■ Task requirements:
In the copy, keep every line below as it is and leave out the pictures.

■ Provided data:
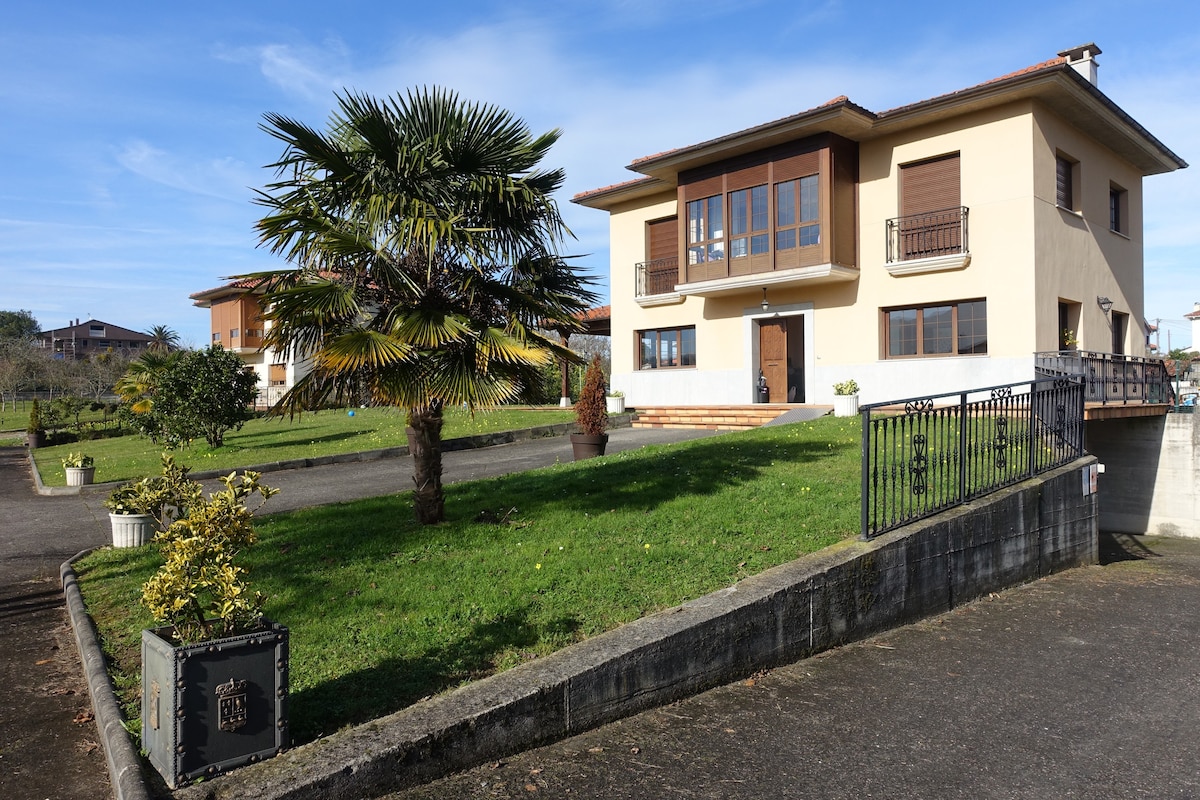 Preciosa casa entera, con vistas espectaculares. Completamente amueblada. 2 habitaciones de matrimonio y 2 habitaciones individuales, 2 baños. Cocina con microondas ,lavadora secadora y lavavajillas. Gran salón comedor con chimenea. Perfecta ubicación, a 10 km de Avilés y Luanco. Playa de Xagó a 3 Km
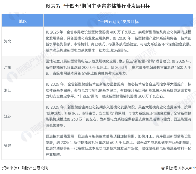 “十四五”期间,我国主要省份也提出了储能行业的发展目标。其中,河北提出,到2025年,全省布局建设新型储能规模400万千瓦以上,实现新型储能从商业化初期向规模化发展转变,到2030年,新型储能产业体系成熟完备,技术创新水平名列前茅。其他地区发展目标如下所示:
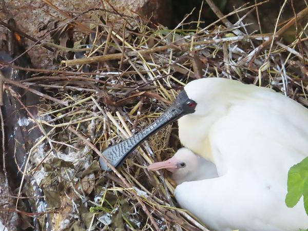【周南】[徳山動物園]クロツラヘラサギ3羽孵化 野鳥観察所で子育て

■ Solution:
 Preciosa casa entera, con vistas espectaculares. Completamente amueblada. 2 habitaciones de matrimonio y 2 habitaciones individuales, 2 baños. Cocina con microondas ,lavadora secadora y lavavajillas. Gran salón comedor con chimenea. Perfecta ubicación, a 10 km de Avilés y Luanco. Playa de Xagó a 3 Km
 “十四五”期间,我国主要省份也提出了储能行业的发展目标。其中,河北提出,到2025年,全省布局建设新型储能规模400万千瓦以上,实现新型储能从商业化初期向规模化发展转变,到2030年,新型储能产业体系成熟完备,技术创新水平名列前茅。其他地区发展目标如下所示:
【周南】[徳山動物園]クロツラヘラサギ3羽孵化 野鳥観察所で子育て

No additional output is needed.